I made some mating nucs from full size boxes and plan on getting the plastic type. Easier to cut, Kind of like the timing box, fatbeeman uses. But i think he cut out part of divider board and had smaller window. I plan on using whole side and slip it in just like a divider, that way i don't waste a divider.


----------



## Adrian Quiney WI (Sep 14, 2007)

I used a Mann Lake plastic queen excluder, and hot glued the bottom join together. There is also a small auger hole to let drones out. It worked well, and is a handy thing to have.
A few other pics. http://s1110.photobucket.com/user/A...der Hive/2012-03-11130000.jpg.html?sort=3&o=2


----------



## Michael B (Feb 6, 2010)

Sweet. Good job guys.


----------



## WBVC (Apr 25, 2013)

What size hardware cloth/screen will exclude Queens and not bees? I ask as I have seen videos of bent metal excluders to keep the Queen isolated to three frames yet I think the metal excluders would be harder to bend than mesh.


----------



## WBVC (Apr 25, 2013)

Adrian...if you make a hole for the drones does the Queen not leave through that or is it in the side of the box like a separate entrance?


----------



## WBVC (Apr 25, 2013)

Can one use a 5 frame nuc for this type of Queen segregating box?


----------



## kilocharlie (Dec 27, 2010)

I make a "Breeder Queen Jail". It is a three - frame sized box with wooden ends, top and bottom, queen excluder sides, and metal brackets to hang it in the hive. "Top Bar"-type sticks (slightly shorter than regular frames, fit inside the Breeder Queen Jail. I attach these to full, 19 inch frame top bars with 2 wood screws for drawing out worker -sized foundation, then unscrew them to fit the freshly-drawn combs into the Queen Jail.

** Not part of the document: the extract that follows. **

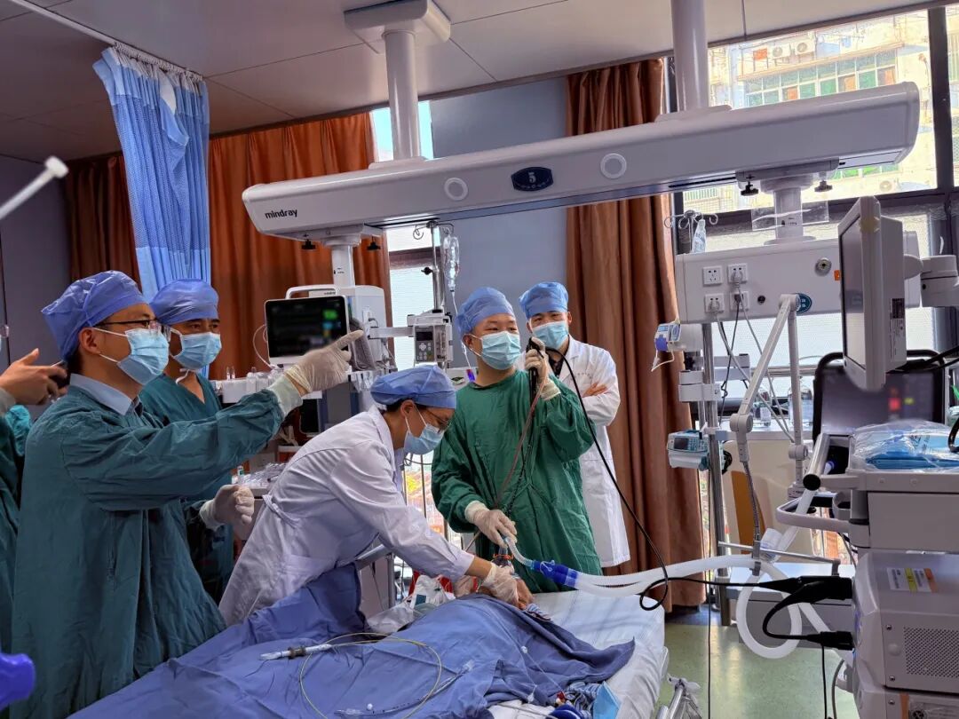 面對如此高危且復雜的病例,急診ICU立即啟動耳鼻咽喉科、甲狀腺乳腺外科、呼吸與危重癥醫(yī)學科等多學科會診(MDT),經(jīng)過多輪討論與風險評估,最后決定由呼吸與危重癥醫(yī)學科厲銀平主任團隊牽頭,聯(lián)合呼吸重癥胡小飛主任團隊、疼痛科付學明主任團隊行“氣管插管內(nèi)經(jīng)支氣管鏡活檢孔道氣管支架置入術(shù)”,并與家屬充分溝通治療方案后獲得同意。

This Breeder Queen Jail box is very convenient to place just outside my grafting tent on grafting day. I get out a frame of 80- to 86-hour-old brood, blow the bees off, duck into the grafting tent, and start transferring the little grubbies into the QC cups. Michael Palmer marks the date on the frame when he puts them in to the breeder hive, I do that too, now, but I include the time it went in, too.


----------



## Adrian Quiney WI (Sep 14, 2007)

WBVC, yes the hole is in the box to allow the drones to exit. As you point out, if the hole was in the excluder the queen would go through it and render the compartment useless as an isolation chamber.


----------